Taoiseach just can’t get his story straight

AS his image rapidly shifts from Teflon Taoiseach to Rent-A-Bertie, so too have the explanations he’s left scattered behind him on the money trail.

While wiser men may have kept their own counsel, Mr Ahern’s loose language and love of talking has fuelled an inferno which otherwise may have burned itself out.

For all the protestation about his private life being dragged out into the light, it was the Taoiseach who gave the original tribunal leak story ‘legs’ by indulging in a stream of consciousness in Clare that brought in everything from his separation to his Holy Communion money.

Since then, it’s been downhill all the way for Mr Ahern as he has been tripped up again and again by his own words or contradictions of his excuses.

This isn’t just the verbal dyslexia we have come to expect from a Taoiseach who will quite casually mix up Guantanamo and Guatemala. This was him fighting for his political life and he should really have done better.

We were first told we would never know who gave him the “dig-out” money or why. He angrily rejected the figure of €50,000 to €100,000 as so “off the wall” it was merely a “fraction” of the true amount — which later emerged to be IR£39,000, or €49,500.

Five days later in his

Princess Diana-style interview with RTÉ, Mr Ahern — head lowered, voice faltering as he fought to control budding tears — told us all about Paddy the Plasterer and the rest of the delightful dozen who helped him out so generously.

He insisted he had tried repeatedly to pay the money back, but the 12 — five of whom have now been given State appointments — refused.

The next day in the Dáil it was a slightly different story. He had wanted to pay them back and took advice on how to do it, but was worried such a move would be open to “misinterpretation”.

While the nation empathised or cringed at Mr Ahern’s RTÉ performance, he rolled out the political bombshell of his trip to Manchester in 1994, which left him €12,000 richer.

With a change of Government that year it was initially unclear if he was a minister at the time.

Mr Ahern’s subtle change in body language seemed to indicate it was an area he was distinctly uncomfortable with.

In the Dáil, on Wednesday, he still seemed unsure on this aspect, but thought, yes, he probably was a minister in Manchester.

On the payment, Mr Ahern mused: “It was a total surprise to me.”

Mr Ahern appears to have been a very fortunate man for parts of his tenure as

Finance Minster in the early 1990s.
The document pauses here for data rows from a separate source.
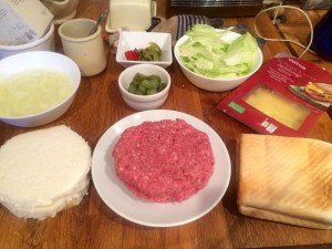 Burger station layed out.. chilli gherkins for Mrs Fitz, crunchy iceberg lettuce , sliced brown onions let to steep in a sugar and salt reverse osmosis water to take the eye cry bite out of them.. Mixed jalapeños and jarlsberg cheese ( again for Mrs Fitz)..
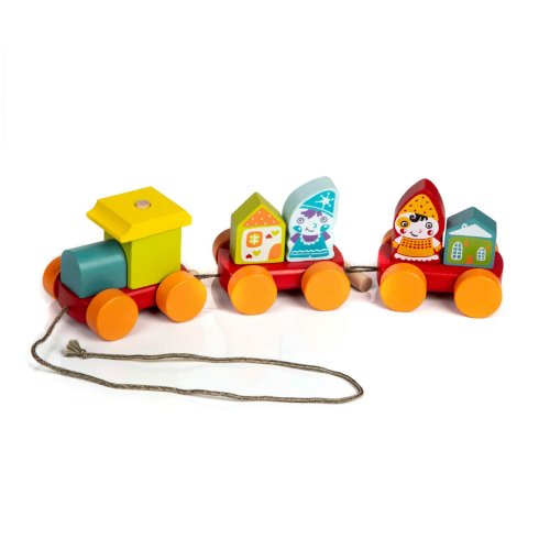 CUBIKA je nová značka dřevěných hraček vyrobených pouze z ekologicky pěstovaného dřeva s velmi precizním opracováním a líbivým designem. Tahací pohádkový vláček se dvěma trpaslíky je dřevěná skládačka s 10 barevnými díly, které je třeba poskládat tak, aby vlak mohl své pasažéry bezpečně převážet. Tahací vláček je ideálním společníkem na cesty pro malé děti. Sortiment hraček značky CUBIKA pomáhá dětem rozvíjet především senzomotorické schopnosti a dovednosti, logické myšlení, kreativitu, představivost a různé poznávací znalosti. Hračky jsou vyrobeny z nejkvalitnějšího javoru a buku a k barvení se používají též vysoce kvalitní barvy na vodní bázi, které jsou naprosto bezpečné pro děti a nemají žádný zápach. Všechny výrobky této značky mají německý certifikát TÜV a jsou vyrobeny dle evropské normy pro bezpečnost hraček EN 71. Nevhodné pro děti do 2 let. Vyrobeno v Evropě.
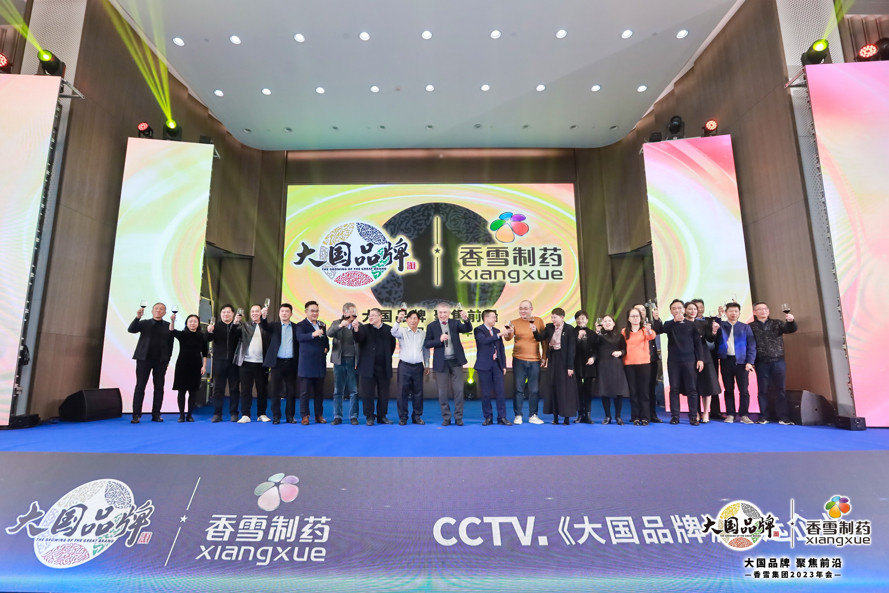 年会晚宴上,在一场精彩的DJ表演后,304永利集团董事长王永辉携公司高管共同上台开启祝酒仪式。
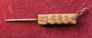 Les branches de Pin Rouge prélevées provenaient des branches basses les plus larges de l'arbre, de celles dont il faut le plus souvent débarrasser l'arbre en croissance. L'écorce est ôtée, à l'aide d'un canif. Ensuite l'outil est façonné, par petites entailles répétées, jusqu'à obtenir la forme désirée. Attention, la pointe de l'outil peut être aussi pointue et dangereuse que celle d'un poignard. Seul un fil moins aiguisé le différenciera d'un couteau à lames métalliques.

Indeed, he was something akin to a reluctant bride at a Greek wedding where men would come up and literally pin money to him without his knowledge.

On the TV interview and subsequently, Mr Ahern has said he spoke, unscripted, at the dinner and took part in a question and answer session with the businessmen over a period of some four hours.
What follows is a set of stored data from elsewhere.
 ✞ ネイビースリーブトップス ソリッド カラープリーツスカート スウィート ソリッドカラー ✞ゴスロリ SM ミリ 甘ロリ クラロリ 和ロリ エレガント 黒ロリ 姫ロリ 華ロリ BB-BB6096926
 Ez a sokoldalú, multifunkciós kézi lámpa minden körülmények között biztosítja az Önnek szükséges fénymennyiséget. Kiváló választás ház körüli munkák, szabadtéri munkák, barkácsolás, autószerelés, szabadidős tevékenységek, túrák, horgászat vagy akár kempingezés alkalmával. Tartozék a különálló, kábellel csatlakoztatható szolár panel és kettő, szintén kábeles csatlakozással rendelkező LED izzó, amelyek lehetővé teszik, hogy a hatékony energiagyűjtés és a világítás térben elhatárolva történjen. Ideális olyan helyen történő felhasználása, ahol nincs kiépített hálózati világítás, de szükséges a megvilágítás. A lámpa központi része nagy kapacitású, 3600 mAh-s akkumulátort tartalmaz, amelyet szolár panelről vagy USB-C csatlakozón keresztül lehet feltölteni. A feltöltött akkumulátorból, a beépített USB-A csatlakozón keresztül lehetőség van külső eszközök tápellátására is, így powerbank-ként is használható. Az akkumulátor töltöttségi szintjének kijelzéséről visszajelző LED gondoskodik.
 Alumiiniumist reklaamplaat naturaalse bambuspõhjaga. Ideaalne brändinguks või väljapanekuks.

John Kennedy, the Manchester business leader present at the function backed up Mr Ahern’s claim it was a non-political event, but curiously insisted the then Finance Minister never spoke at it.

The final glaring inconsistency to emerge from this bizarre affair is the status of Mr Ahern’s bank accounts. He claims he did not have one in his own name from 1987 to 1993 and did not use the joint ones he had already set up with his wife.

So where did he cash his ministerial pay cheque? Surely it wasn’t over the counter in a Drumcondra pub? In this period, Mr Ahern also told RTÉ he had amassed savings of IR£50,000, which then went on his legal bills and setting up an educational fund for his daughters. Where on earth was this deposited?

Mr Ahern has not just struggled to give answers these past nine days, but also to stick to the same ones eventually forced out of him. Is that why he is so reluctant to tell us how much he got for that Holy Communion?